I'm not sure what this would mean. Scalar types are passed by value, and
there would seem to be a conflict. I agree with your general point
about the growing importance of cryptographic applications and the
nice match to Ada 95's modular types, but it seems that what you want 
(very big modular types) will be very hard to achieve.

-- Brian

Re: Bignum modular types in Ada95

[Nick Roberts]

Point taken, but I have another question.  Traditional bignums (e.g. in
LISP) are dynamically extensible: they can change size during run-time to
fit the actual value stored.  For some applications, this approach would
make sense, but for others it may not.  So what approach to take:
dynamically resizing, statically sized, or both?  And if both, how to
choose (depending on the range, by a representaion clause, by a pragma, or
something else)?

-- 

== Nick Roberts ================================================
== Croydon, UK                       ===========================
==                                              ================
== Proprietor, ThoughtWing Software                   ==========
== Independent Software Development Consultant            ======
== Nick.Roberts@dial.pipex.com                              ====
== Voicemail & Fax +44 181-405 1124                          ===
==                                                            ==
==           I live not in myself, but I become               ==
===          Portion of that around me; and to me             ==
====         High mountains are a feeling, but the hum        ==
=======      Of human cities torture.
===========                             -- Byron [Childe Harold]
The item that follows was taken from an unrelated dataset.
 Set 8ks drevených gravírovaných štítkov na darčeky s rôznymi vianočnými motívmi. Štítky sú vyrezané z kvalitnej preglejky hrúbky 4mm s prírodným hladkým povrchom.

Markus Kuhn <Markus.Kuhn@cl.cam.ac.uk> wrote in article
<34D04FFD.41C6@cl.cam.ac.uk>...
> Robert A Duff wrote:
> > >Handling 1024-bit integer arithmetic in the Ada compiler and not in
> > >some library package has the advantage that the compiler will later
> > >be able to do much better optimization (e.g. automatic register
> > >allocation), once we get CPUs with 1024-bit integer registers and
> > >ALUs, which I expect to happen in the next three years.
> > 
> > Are you talking about special-purpose hardware?  I doubt if 1024-bit
> > registers will exist in general-purpose computers any time soon.  (I
> > reserve the right to redefine "soon" at will.)
> 
> No, I am talking about the standard off-the-shelf Pentium
> successor in a few years, not about any exotic special hardware.
> IPv6 and electronic commerce will make it necessary that normal
> workstations can to thousands of 1024-bit modexp operations per
> second for authentication protocols. This is commonly expected to
> be the next major functional extention after MMX.
> 
> 20-dollar smartcard microcontrollers have such 1024-bit registers/ALUs
> already available today. It is just a matter of time until we
> see them in workstation processors.
> 
> > Anyway, having the feature "built in" gives other advantages: literals,
> > range checking, case_statements, etc.  None of that works with some
> > library package (unfortunately).
> 
> Agree. Dear Ada compiler developers, please have a look again at
> builtin bignum support!

Re: Bignum modular types in Ada95

[Nick Roberts]

Besides which the package implementation can always be used: it is not
denied by providing built-in bignum support!

-- 

== Nick Roberts ================================================
== Croydon, UK                       ===========================
==                                              ================
== Proprietor, ThoughtWing Software                   ==========
== Independent Software Development Consultant            ======
== Nick.Roberts@dial.pipex.com                              ====
== Voicemail & Fax +44 181-405 1124                          ===
==                                                            ==
==           I live not in myself, but I become               ==
===          Portion of that around me; and to me             ==
====         High mountains are a feeling, but the hum        ==
=======      Of human cities torture.
===========                             -- Byron [Childe Harold]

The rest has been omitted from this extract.